Spring 2022

Unifi stays strong

Unifi has a large fleet of GSE which it uses as part of its day-to day operations, such as here at Las Vegas McCarran International

Despite the harsh downturn in flight operations in its key market, US aviation services provider Unifi continues to handle for most of the big American airlines that operate strong domestic networks. And it is looking to expand, whatever the future of the industry

Unifi dates its history to Delta Global Services (DGS), a wholly-owned subsidiary established by Delta Air Lines in the late 1990s to provide aviation services – particularly ground handling – for its narrowbody domestic flights at airports across the US.

A little over 20 years later, Argenbright Holdings – a US-based provider of aviation services and contract security – took over management of the DGS business, which by then was providing various aviation services for other US carriers as well as Delta; the deal became a reality on 21 December 2018.

With DGS and Argenbright then becoming one under the Unifi brand, a new name in aviation services was born. The process of rebranding all necessary elements of the business to Unifi continues today.

Unifi provides a wide range of aircraft services across more than 200 airports in the US. Its portfolio of aviation services include ramp handling, passenger (including those in wheelchairs) handling, aircraft cleaning, airport janitorial services, airline shuttle bussing, aircraft de-icing, cargo handling, fuelling and even facility security.

Unifi handles something in the region of a million flights a year, with its primary customers continuing to include legacy and low-cost US airlines active on domestic routes, as well as cargo airlines such as Amazon. It has more than 22,00 employees on the weekly payroll, though this number is down slightly from a pre-pandemic staff closer to 30,000 strong.

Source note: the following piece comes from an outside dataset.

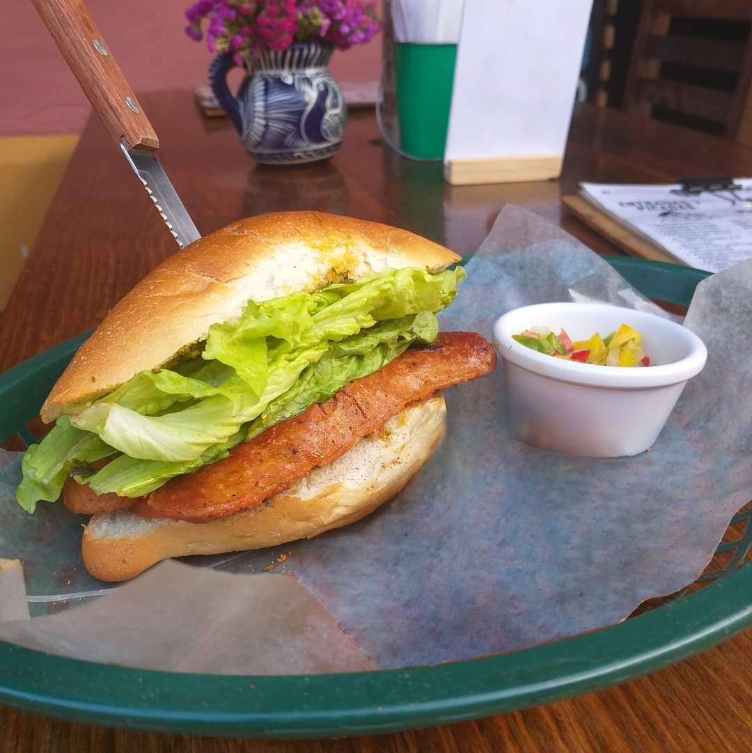 Con lentejas, quínoa, champiñones, cebolla, quesos, lechuga, tomates y mayochimi en pan de Bagel.

All its services are entirely airport/airline-based, explains chief strategy officer Ying McPherson: it does not, for example, offer facility services outside airports, and has no plans to do so. Its biggest station is Hartsfield-Jackson Atlanta International Airport, Atlanta also being the home city of Delta, where Unifi has upwards of 3,000 employees, whilst at its smallest stations it is only handling one or two flights a week.

Although Unifi currently operates exclusively at US gateways, there are plans to expand into the European and also Latin/South American markets, McPherson confirms.

On the subject of the pandemic, McPherson points out that, while 9/11 was perhaps worse in its immediate impact on the aviation industry, the collapse of the sector due to Covid-19 has been much more prolonged. Furthermore, she points out, the crisis is not yet over and it is not clear when any sustained recovery toward pre-pandemic levels of flying might take place.

Nevertheless, while international passenger numbers have nosedived, domestic flying behaviour has not been affected in quite the same way – which, given Unifi’s business model, has been of benefit to it.

Unifi has taken steps to avoid the impact where it can. In particular, McPherson explains, the company took steps to diversify away from just ground handling, and the range of its service portfolio today is testament to that. In fact, she notes, some elements of Unifi’s business have actually grown in value during the pandemic – for instance, its electrostatic disinfectant service has proved a welcome addition to its popular aircraft cleaning offering.

And, while passenger numbers have fallen away dramatically as a result of the ongoing health crisis, cargo has retained its importance, and indeed perhaps increased in significance given the need to fly large quantities of vaccines around the world. As such, Unifi is keen to further develop its role in the air freight sector.

In addition to the intention to expand Unifi’s geographical footprint, McPherson believes that there may be opportunities for expansion in areas where other aviation service providers are not able to survive in such difficult times.

Of course, some airlines are also struggling and more might go to the wall. Others have and will continue to consolidate their networks. Another challenge, says McPherson, lies in the US labour market for workers that a company such as Unifi is looking to employ. Many handling staff have begun work in other industries and it might not be easy to tempt them back.

However, says McPherson, Unifi believes that staying true to its core values of focusing on frontline employees and enhancing their work experience with high levels of employee engagement will help it win in the long term.